Solution: The authors proposed two GUI tools for this task: 1) GenLine, which “allows users to pass inline requests to a genmacro using a double-bracket notion (e.g., “[[html: Make an OK button]]”); and 2) GenForm: a form-based UI.
My thought bubble:
- What I found really cool was that GenLine allows the user to wrap regular source code within natural language macros (see the image above). The system then replaces the macro with generated source code but preserving the wrapping relationship.
- The macro in GenLine appears to be ephemeral. The user cannot revisit a macro after it’s been replaced by the source code it generates. This workflow is very different from macros in static metaprogramming, where the macros are often persistent and get checked into version control. The generated code is more often to be ephemeral.
Idyll Studio: A Structured Editor for Authoring Interactive & Data-Driven Articles
📺 Presentation | 📄 Paper
Problem: “Interactive articles are an effective medium of communication in education, journalism, and scientific publishing, yet are created using complex general-purpose programming tools.”
Solution: The authors “present Idyll Studio, a structured editor for authoring and publishing interactive and data-driven articles”
Key ideas:
- Structured editing: instead of modifying a program directly, all edits are done through the affordances in the GUI (e.g., insertion points) to ensure every change is syntactically valid.
- Domain-specific programming model: the tool is designed around four core concepts specific for producing interactive documents: components, text, state, and styles.
My thought bubble:
- Interactive documents represent increasingly blurring boundaries across documents, applications, and datasets. How should UI toolkit developers prepare for these kinds of mashed-up experiences?
- The tool reminds me of Webstrates, a more general tool for mashing up different kinds of media into interactive documents.
Rapido: Prototyping Interactive AR Experiences through Programming by Demonstration
📺 Presentation | 📄 Paper
Problem: Creating fully interactive mobile AR prototypes is hard.
Solution: The authors present “Rapido, a novel early-stage prototyping tool to create fully interactive mobile AR prototypes from non-interactive video prototypes using Programming by Demonstration (PoD).”
Key idea: Rapido infers an initial state machine from the metadata captured in the process of creating a video prototype. It then allows the designer to test, refine, and tweak the interaction rules.
My thought bubble:
- Rapido’s design leverages the workflow of creating video prototypes, which is already familiar to AR designers and then gently introduces them to a form of action trigger programming.
- In the context of conventional GUI programming, the PoD technique used in this tool could potentially be useful for authoring app navigation and animation.
Other programming-related papers
There are a few other papers about programming at UIST 2021, but I took less notes for them.

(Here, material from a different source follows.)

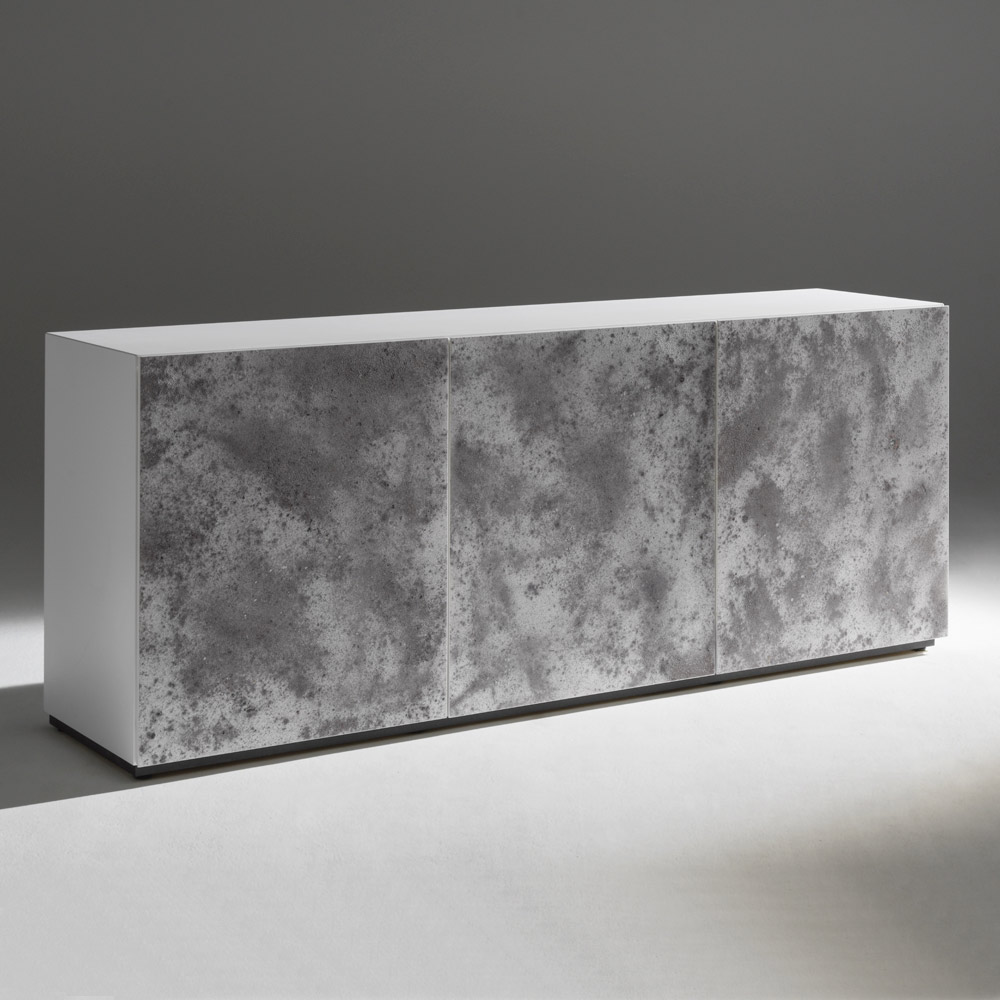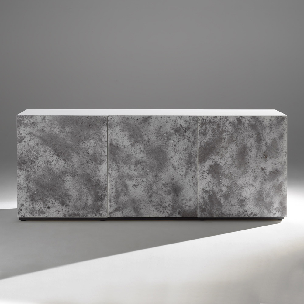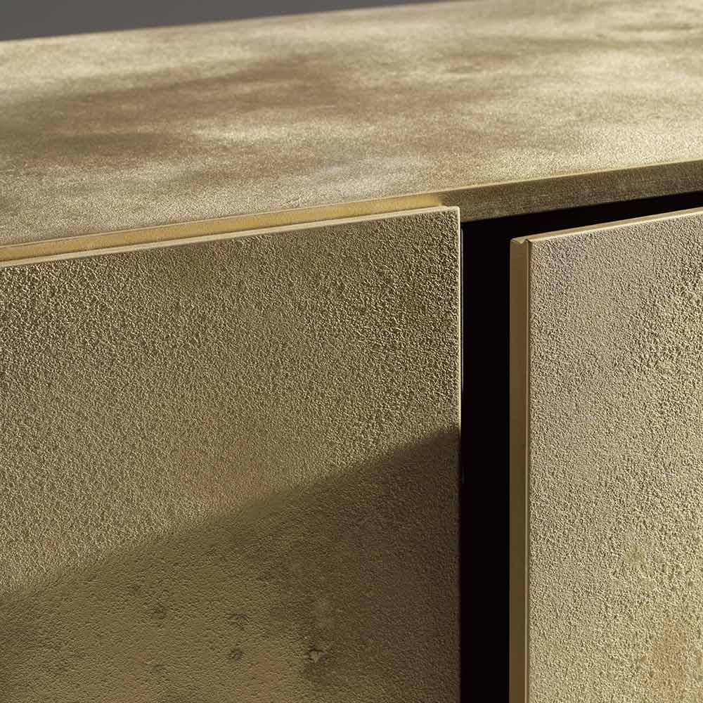 Um aparador com design minimalista e contemporâneo, caracterizado por volumes puros e superfícies texturizadas sofisticadas. Uma peça marcante e funcional, ideal para salas de estar, salas de jantar e espaços comerciais com um toque moderno e elegante.

Nonetheless, I list them below for completeness:
- Marcelle: Composing Interactive Machine Learning Workflows and Interfaces (📺 Presentation, 📄 Paper)
- Situated Live Programming for Human-Robot Collaboration (📺 Presentation, 📄 Paper)
- ETNA: Harvesting Action Graphs from Websites (📺 Presentation, 📄 Paper)
- Shapir: Standardizing and Democratizing Access to Web APIs (📺 Presentation, 📄 Paper)
- Assuage: Assembly Synthesis Using A Guided Exploration (📺 Presentation, 📄 Paper)
Final thoughts
The virtual conference experience has come a long way since the start of the pandemic. Attending UIST 2021 from my desk was a fun, engaging, and adequately social experience. Was it as good as an in-person conference? No, but I hope some of the best aspects of virtual conferences, such as convenience and low cost, can continue as many events start going back to their “normal” setups in the near future.